NEVROZ UYSAL ASLAN (Şırnak) - Yine, Komite, bu kararla ilgili, Aralık 2021 oturumunda sizlere, Türkiye'ye sorular sordu "Türkiye'de kaç tane ağırlaştırılmış müebbet hapis cezası var ve kaç yıldır cezaevindeler? Ağırlaştırılmış müebbet hapis cezasının değişimiyle ilgili nasıl bir değişiklik yerine getirilecektir?" diye.
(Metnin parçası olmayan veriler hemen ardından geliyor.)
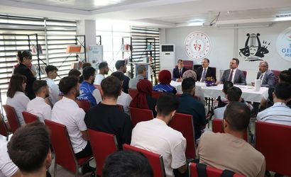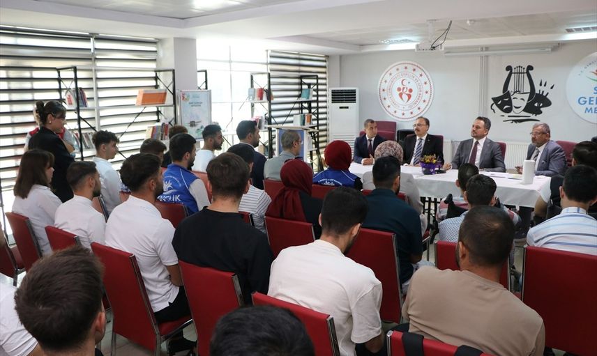 Gençlik ve Spor Bakan Yardımcısı Enes Eminoğlu (sağda), Siirt'te gençlerle bir araya geldi. Eminoğlu ve Siirt Valisi Kemal Kızılkaya (solda), gençlerin taleplerini dinledi.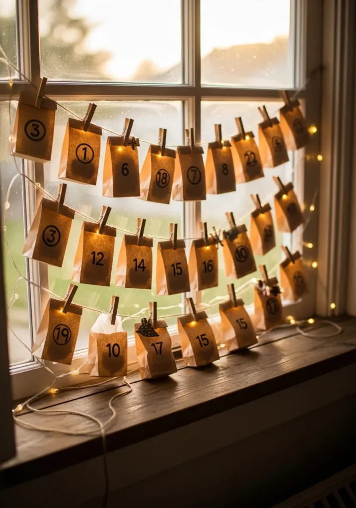 This creative advent calendar brings so much personality and charm to a simple window. Brown paper bags numbered from one to twenty-four hang on twine with tiny clothespins, glowing softly with warm fairy lights. It’s a fun and nostalgic idea that turns anticipation into part of your decor.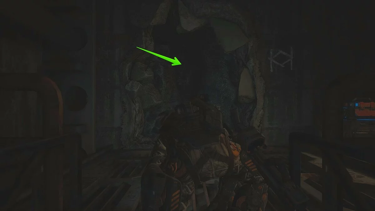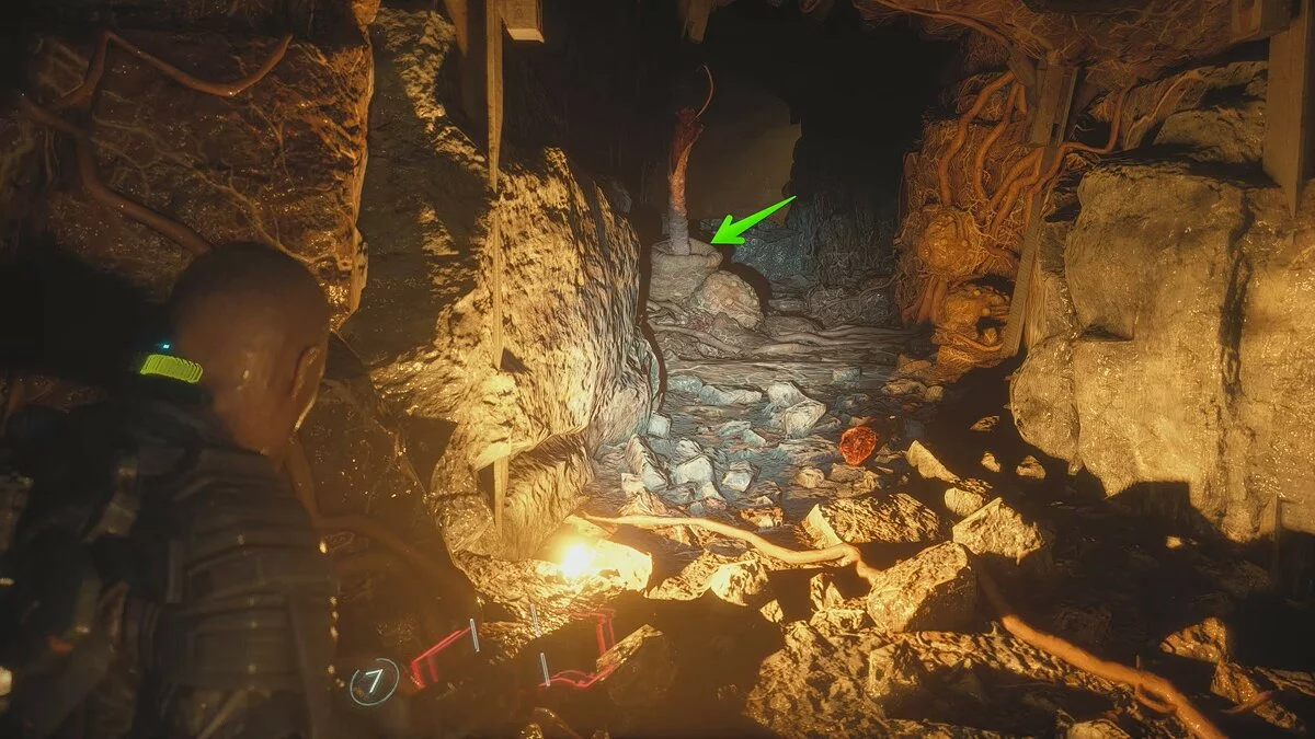 Поднявшись по лестнице, прямо перед собой вы увидите трещину в стене. Сюда можно протиснуться. Следуйте до конца пещеры, чтобы отыскать вход во вторую тайную комнату. Стоит отметить, что по пути на вас нападут несколько заражённых.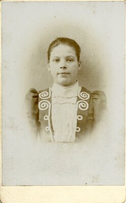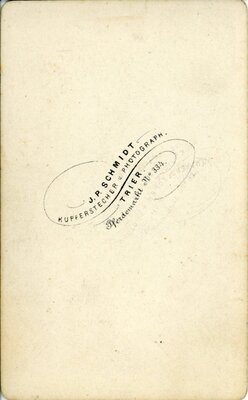 Kleines fotografisches Brustporträt einer jungen Dame mit dunklen, nach hinten frisierten Haaren. Sie trägt ein helles Kleidungsstück mit einer schräg geschnittenen Knopflieste, die in einer Bordüre liegt. Eine dunkle Kette mit Brosche verziert ihren Kragen. Ihr Gesicht ist leicht nach links gewendet, sie blickt aber direkt in die Kamera. Auf der Rückseite: J.P. Schmidt Trier Kupferstecher u. Photograph Pferdemarkt No. 334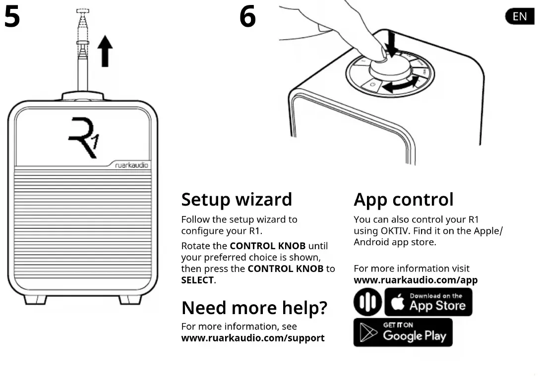 Setup wizard Follow the setup wizard to congure your R1. Rotate the CONTROL KNOB until your preferred choice is shown, then press the CONTROL KNOB to SELECT. Need more help? For more information, see www.ruarkaudio.com/support App control You can also control your R1 using OKTIV. Find it on the Apple/ Android app store. For more information visit www.ruarkaudio.com/appControls
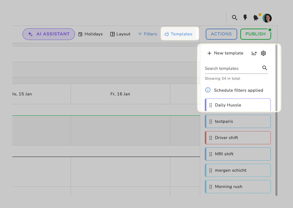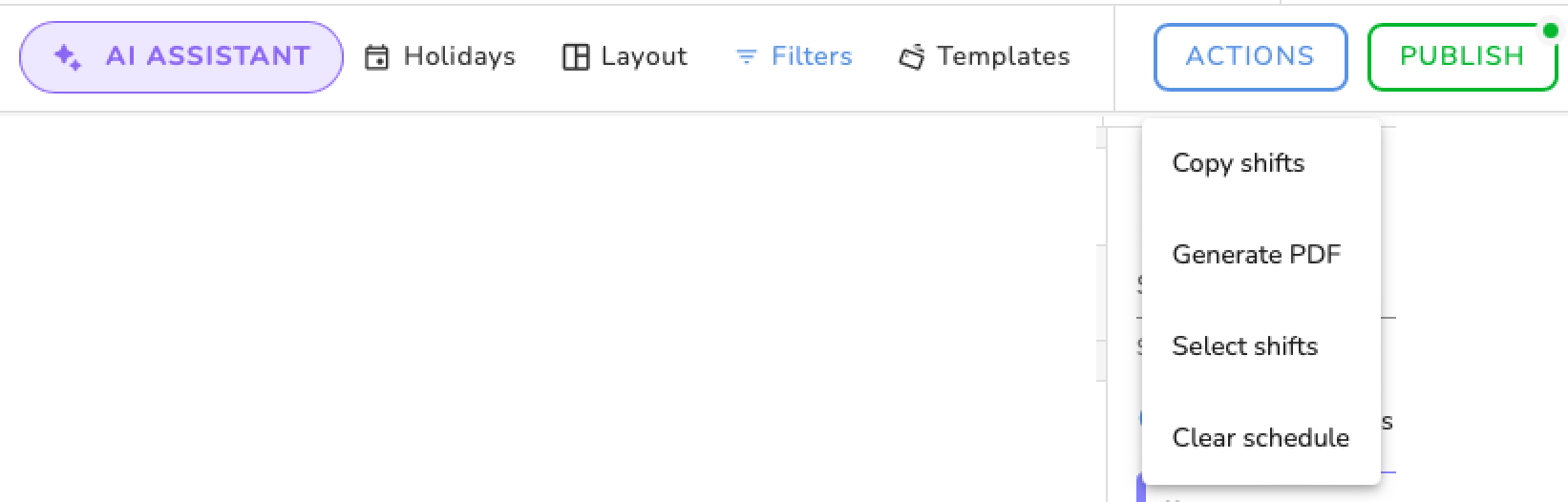 Actions on visible shifts: All settings around copying, deleting shifts in bulk and publishing shifts are stored in this cluster of permissions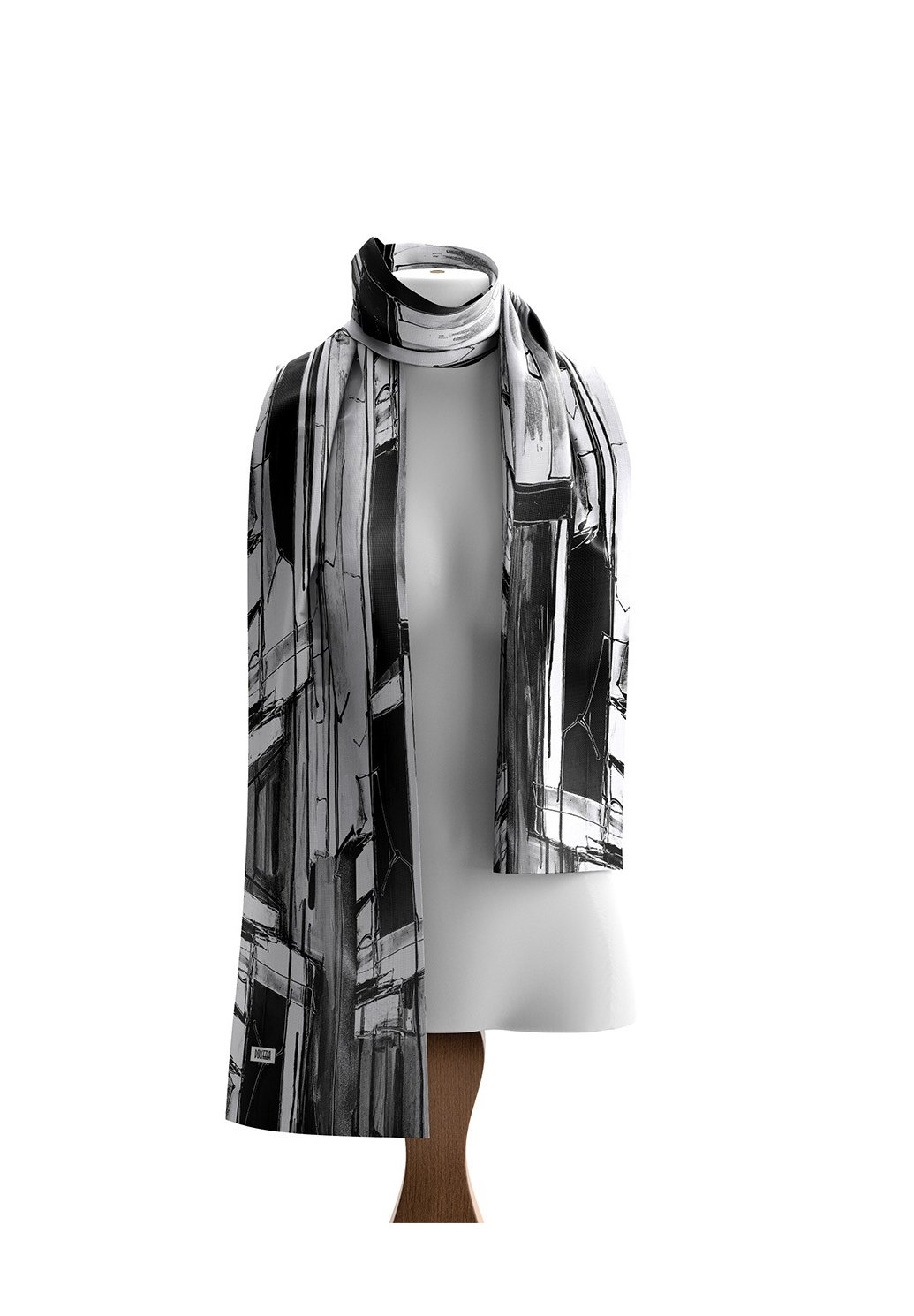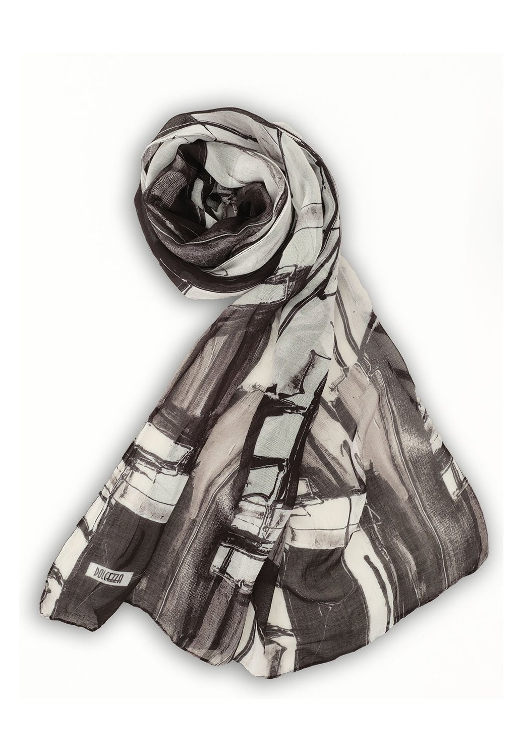 Elegantní dámský šátek Dolcezza s originálním abstraktním vzorem v odstínech černé, šedé a bílé dodá vašemu outfitu šmrnc a styl. Lehký a vzdušný materiál je příjemný na dotek a ideální pro celoroční nošení – perfektně doplní jak elegantní kabát, tak ležérní sako či halenku.

Bunlara cevap vermediniz, verdiğiniz cevapta ise "ilgili hükmün gereğinin yerine getirildiğine" şeklinde cevap verildi ancak bugün yüzlerce kişi Türkiye cezaevlerinde ağırlaştırılmış müebbet hapis cezasıyla yargılanmakta, yine, bu cezanın vermiş olduğu ağır infaz koşulları altında kalmaktadır.

Yine, bir sayın hatip söyledi, cenazeye katılmayla ilgili... Yine, Güler ve Uğur Türkiye kararı var, 2014 tarihli; cenaze törenine katılmanın dinî ve manevi bir durum olduğuna, din ve vicdan özgürlüğünü ihlal ettiğine ve bu konuda keyfî ve gerekçeli bir biçimde TMK 7/2'nin öngörülebilir olmadığına dönük karar varken bugün sizlerin sorumluluğunuzda ama AİHM kararlarının gereğini yerine getirip getirmemek...

(Mikrofon otomatik cihaz tarafından kapatıldı)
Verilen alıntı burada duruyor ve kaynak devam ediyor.